TRY IT: Set down each line of the records once more, precisely, and omit the pictures.

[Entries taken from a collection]
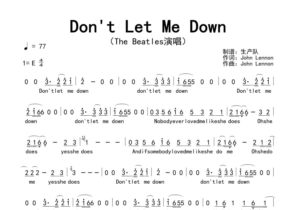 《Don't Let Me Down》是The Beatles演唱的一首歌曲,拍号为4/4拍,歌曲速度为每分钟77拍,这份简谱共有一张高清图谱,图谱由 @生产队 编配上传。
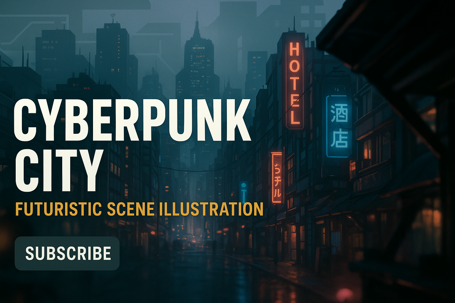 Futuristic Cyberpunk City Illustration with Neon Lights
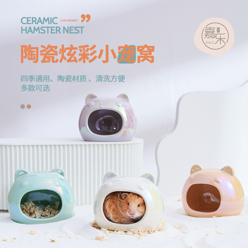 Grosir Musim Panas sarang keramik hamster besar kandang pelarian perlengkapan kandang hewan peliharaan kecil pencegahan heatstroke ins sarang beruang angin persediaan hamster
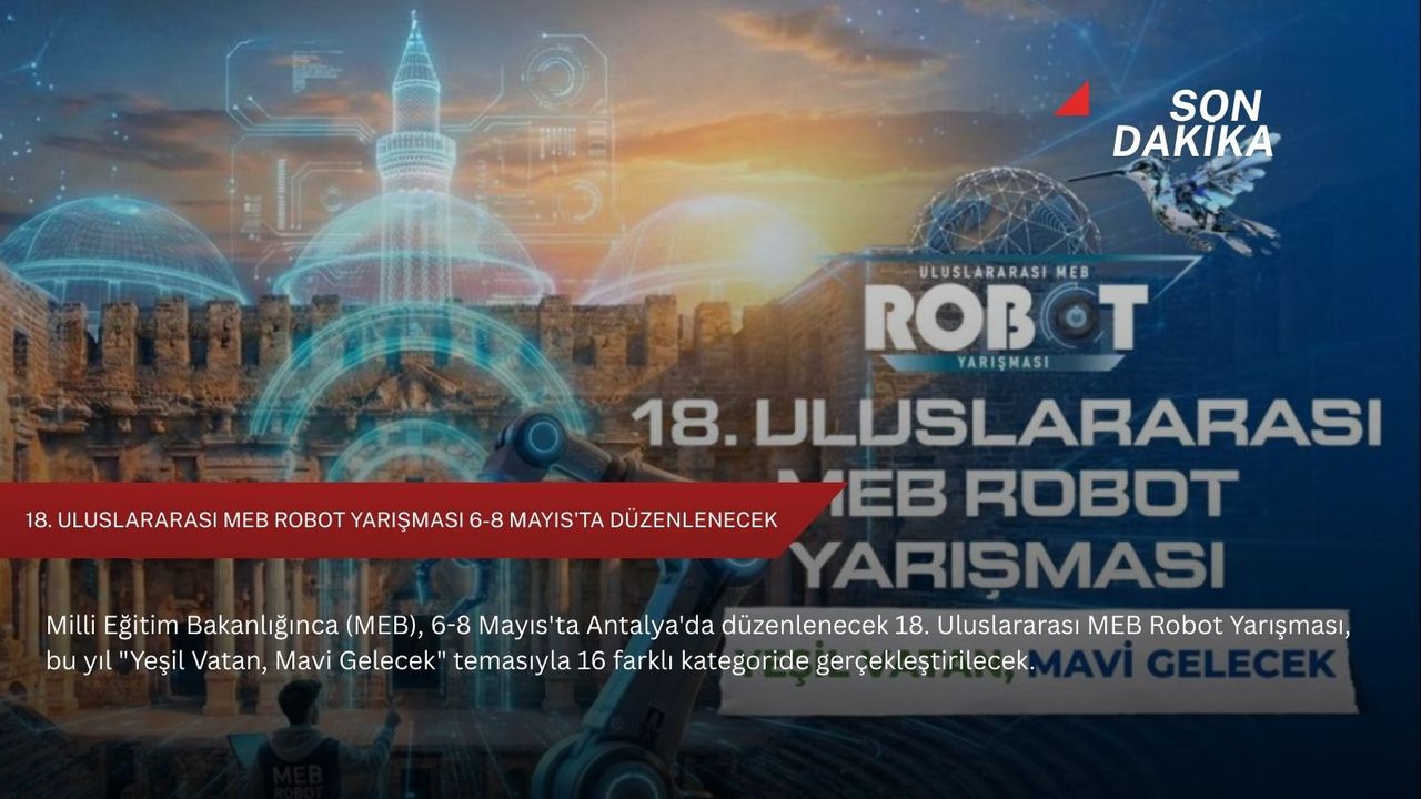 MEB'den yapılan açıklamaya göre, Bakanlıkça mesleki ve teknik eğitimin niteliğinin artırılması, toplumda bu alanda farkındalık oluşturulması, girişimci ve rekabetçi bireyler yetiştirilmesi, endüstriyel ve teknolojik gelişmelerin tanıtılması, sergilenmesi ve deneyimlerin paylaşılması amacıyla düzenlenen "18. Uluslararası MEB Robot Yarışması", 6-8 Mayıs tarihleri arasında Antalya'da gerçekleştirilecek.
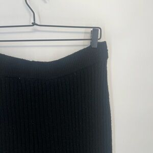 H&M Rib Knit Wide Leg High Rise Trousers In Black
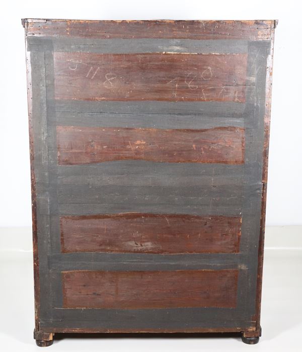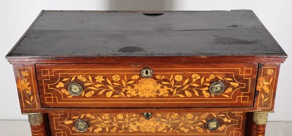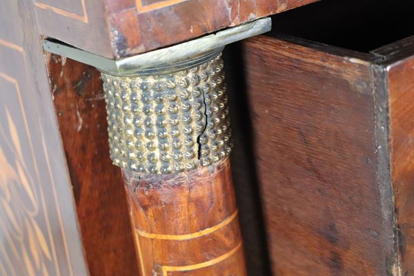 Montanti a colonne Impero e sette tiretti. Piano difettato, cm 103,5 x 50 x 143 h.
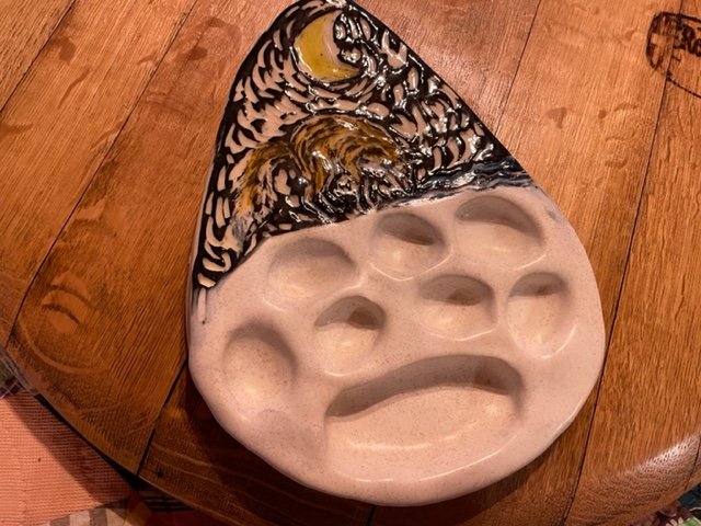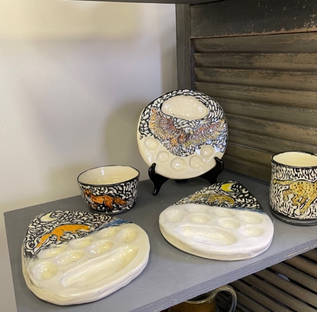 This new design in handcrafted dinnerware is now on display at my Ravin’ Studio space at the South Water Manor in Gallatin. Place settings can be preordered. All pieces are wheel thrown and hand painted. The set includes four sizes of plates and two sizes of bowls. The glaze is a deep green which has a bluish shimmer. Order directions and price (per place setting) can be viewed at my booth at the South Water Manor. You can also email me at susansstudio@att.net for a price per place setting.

WRITTEN ANSWER:
 《Don't Let Me Down》是The Beatles演唱的一首歌曲,拍号为4/4拍,歌曲速度为每分钟77拍,这份简谱共有一张高清图谱,图谱由 @生产队 编配上传。
 Futuristic Cyberpunk City Illustration with Neon Lights
 Grosir Musim Panas sarang keramik hamster besar kandang pelarian perlengkapan kandang hewan peliharaan kecil pencegahan heatstroke ins sarang beruang angin persediaan hamster
 MEB'den yapılan açıklamaya göre, Bakanlıkça mesleki ve teknik eğitimin niteliğinin artırılması, toplumda bu alanda farkındalık oluşturulması, girişimci ve rekabetçi bireyler yetiştirilmesi, endüstriyel ve teknolojik gelişmelerin tanıtılması, sergilenmesi ve deneyimlerin paylaşılması amacıyla düzenlenen "18. Uluslararası MEB Robot Yarışması", 6-8 Mayıs tarihleri arasında Antalya'da gerçekleştirilecek.
 H&M Rib Knit Wide Leg High Rise Trousers In Black
 Montanti a colonne Impero e sette tiretti. Piano difettato, cm 103,5 x 50 x 143 h.
 This new design in handcrafted dinnerware is now on display at my Ravin’ Studio space at the South Water Manor in Gallatin. Place settings can be preordered. All pieces are wheel thrown and hand painted. The set includes four sizes of plates and two sizes of bowls. The glaze is a deep green which has a bluish shimmer. Order directions and price (per place setting) can be viewed at my booth at the South Water Manor. You can also email me at susansstudio@att.net for a price per place setting.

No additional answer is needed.